Claro, y es que parece nada práctico y hasta insensato exigirle al Presidente o a su equipo que no toque ningún plástico de un solo uso, que deje de comer carne, que no recambie su vestuario, que lo recicle todo, que digitalice uno y cada de sus documentos. Mucho menos que llegue a La Moneda en bicicleta, que zarpe de Valparaíso en velero a cualquier destino en gira oficial, que se haga vegano y que obligue a su gabinete a serlo también. 

Es deseable, tierno, amoroso, ejemplificador incluso, que un Jefe de Estado ande en modo “Greta” por la vida. Pero siendo realistas es ridículo pretenderlo, bobo solicitarlo y moralmente cuestionable pedirlo en el ámbito de lo privado. La razón es muy simple: los líderes políticos no tienen rol de activistas, por muy noble que sea la causa, como es el caso de la agenda contra la crisis climática, los representantes de los Estados fundan su autoridad en los amplios, eficientes y concretos compromisos públicos y colectivos por sobre sus elecciones privadas. Más de alguien podrá levantar la bandera de la “consecuencia”, pero a estas alturas ese concepto parece más un comercial para la galería que un valor endémico de la función política.

Dado este escenario en el cual los presidentes no pueden, no quieren y no deben jugar a ser Greta, la pregunta es: ¿Qué es lo concretamente exigible detrás su discurso verde? ¿Cuál es la medida de valor de sus palabras y los mecanismos de control de su verdad con relación a la crisis climática? ¿Cómo juzgar su sinceridad sin caer en la subjetividad barata y cursilona que conduce al llanto fácil de ver el Amazonas arder?

Esta reflexión nos conduce, necesariamente, a la esperanza de entender que el liderazgo político en materia ambiental, si bien es muy importante, no es determinante. En un aspecto este nivel de pensamiento impide que la sociedad se autoperciba como monstruosa o ignorante tan solo por la oscuridad o estupidez de sus dirigentes, pero por otro lado es capaz de abrir un abismo entre la realidad ambiental, sus consecuencias y las nobles aspiraciones fantasiosas que acompañan al poder. 
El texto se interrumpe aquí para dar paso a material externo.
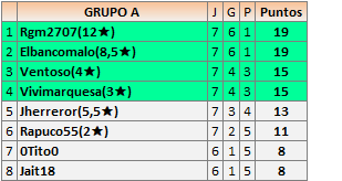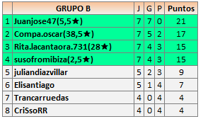 Deja un comentarioEn está página se irán publicando los resultados de las diferentes partidas, siendo ambos jugadores responsables de subirlos o de comprobar que ya hayan sido publicados insertando un COMENTARIO en la parte inferior de la pantalla (opción “Deja tu comentario”), indicando el nombre de los dos jugadores y los puntos obtenidos en la partida.
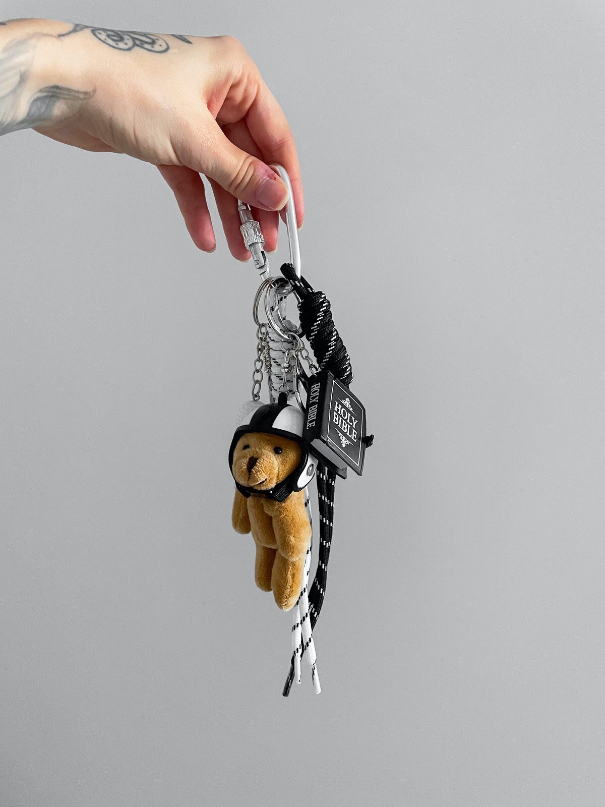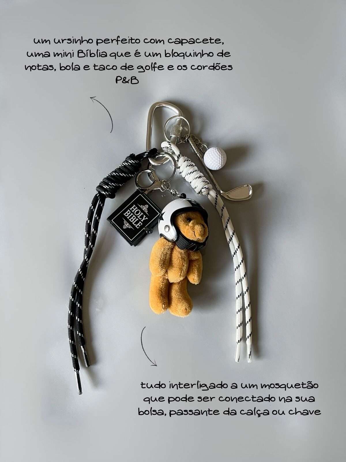 OMG! A maior tendência do Pinterest chegou e você não vai querer ficar sem. Todas as pessoas fashionistas estão usando e você não pode ficar de fora! A perfeição desse chaveiro não está escrita nem na Holy Bible! Nosso Teddy Bear Keychain é super fofo: um urso de CAPACETE de baseball pronto pra roubar a cena e deixar seus looks ainda mais estilosos. Perfeito nos mínimos detalhes: mosquetão prateado pra pendurar onde quiser (chaves, bolsa, passante da calça, mochila…), cordões P&B que dão o contraste na medida certa, uma mini bíblia colecionável com o nosso ursinho icônico estampado e o kit completo: taco + bola de baseball. É aquele detalhe que atrai olhares curiosos e automaticamente gera o clássico: “Uaaau, onde você comprou isso?!” toda vez que alguém bate o olho.

Sebastián Piñera aterrizó con todo en Nueva York, no solamente como el fan número uno de Greta, la joven de 16 años que por estos días encarna la tensión dicotómica de la lucha ambiental, sino que además como la oposición oficial al negacionismo verde de Trump, Bolsonaro y compañía. Defensor de la ciencia y la irrefutabilidad de su labor, de las estadísticas, del respeto al planeta, de las miradas globales en materia ambiental. Ubicó a Chile como una de las naciones más comprometidas de la región con la emergencia climática, como si cada uno de nosotros llevara una pequeña Greta en su interior dispuesta a salir a fin de año durante la celebración de la COP25 en Santiago. 
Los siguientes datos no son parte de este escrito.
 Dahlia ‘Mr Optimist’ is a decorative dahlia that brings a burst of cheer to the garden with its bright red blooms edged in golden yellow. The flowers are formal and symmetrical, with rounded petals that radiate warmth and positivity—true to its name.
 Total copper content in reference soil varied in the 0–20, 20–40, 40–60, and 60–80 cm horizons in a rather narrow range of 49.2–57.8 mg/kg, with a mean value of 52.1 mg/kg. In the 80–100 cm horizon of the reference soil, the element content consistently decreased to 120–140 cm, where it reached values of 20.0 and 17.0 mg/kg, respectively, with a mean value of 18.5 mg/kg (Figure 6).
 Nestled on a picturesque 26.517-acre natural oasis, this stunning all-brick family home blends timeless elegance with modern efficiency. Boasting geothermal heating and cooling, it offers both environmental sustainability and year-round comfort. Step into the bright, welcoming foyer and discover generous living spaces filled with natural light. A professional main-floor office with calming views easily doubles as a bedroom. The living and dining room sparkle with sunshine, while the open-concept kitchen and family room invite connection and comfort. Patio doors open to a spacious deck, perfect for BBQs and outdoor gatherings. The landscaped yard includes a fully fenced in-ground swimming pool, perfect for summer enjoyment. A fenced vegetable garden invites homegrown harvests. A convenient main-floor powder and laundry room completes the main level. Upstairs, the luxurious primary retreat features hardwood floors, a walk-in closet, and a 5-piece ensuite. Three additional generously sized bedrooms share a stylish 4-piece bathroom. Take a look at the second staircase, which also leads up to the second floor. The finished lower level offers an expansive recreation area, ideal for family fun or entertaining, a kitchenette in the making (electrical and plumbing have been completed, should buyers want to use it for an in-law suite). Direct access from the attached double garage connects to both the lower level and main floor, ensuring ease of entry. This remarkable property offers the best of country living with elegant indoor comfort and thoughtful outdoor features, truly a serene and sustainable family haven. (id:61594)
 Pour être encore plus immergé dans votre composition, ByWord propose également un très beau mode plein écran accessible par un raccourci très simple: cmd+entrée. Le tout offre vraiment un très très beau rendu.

Permitámonos juzgar sus intenciones y, sin importar el color político, el compromiso de la palabra presidencial vale y carga una fuerza transformadora, pero no tiene ni ha tenido jamás efecto automático, ahí no nos podemos perder. 

Nadie en su sano juicio puede llegar siquiera a creer que somos un país verde porque el Presidente lo decreta en la ONU; como tampoco nadie podría afirmar que la mayoría de los norteamericanos creen que la ciencia es fake como balbucea Trump. Ni las promesas son realidad, ni los sueños y sus expectativas, ni las afirmaciones futuras, ni sus intenciones. Nada de eso es verdad, nada de eso nos pertenece mientras no se concrete. Y en sentido contrario opera la misma regla porque la negación o el silencio tampoco anulan el hecho ni en el plano ambiental ni en ningún otro plano de la vida.

Las zonas de sacrificio en Chile existen. No una ni dos ni tres, sino que muchas que exactamente al mismo tiempo de la COP25 estarán en diciembre asistiendo a su descomposición ambiental por acción del hombre. Quintero es un ejemplo, quizás el más brutal, quizás el más burdo, cuya bomba ambiental nos explotó en la cara a todos y especialmente a este gobierno y  a su ministra del medio ambiente. Nadie escuchó, nadie vio, nadie supo hasta que la intoxicación infantil era ya incontenible. Y lo que vino después fue más vergonzoso todavía; una autoridad superada, incompetente, confundida y aturdida por intereses ajenos al público que finalmente pareció no ser materia de defensa de nadie. 

En nuestro país ningún actor público o privado puede ser perseguido por cometer delito ambiental simplemente porque no existe como tal. La única manera de buscar culpables es por daño a la salud pública, un concepto netamente humano y que en vista de los desafíos actuales parece añejo y torpe. El Presidente habla en Nueva York de neutralidad de carbono y nuestra legislación ni siquiera contempla el abanico detallado de delitos ambientales. Si alguien se lo explica a Greta quizás ni quiera aparecerse por acá a fin de año.  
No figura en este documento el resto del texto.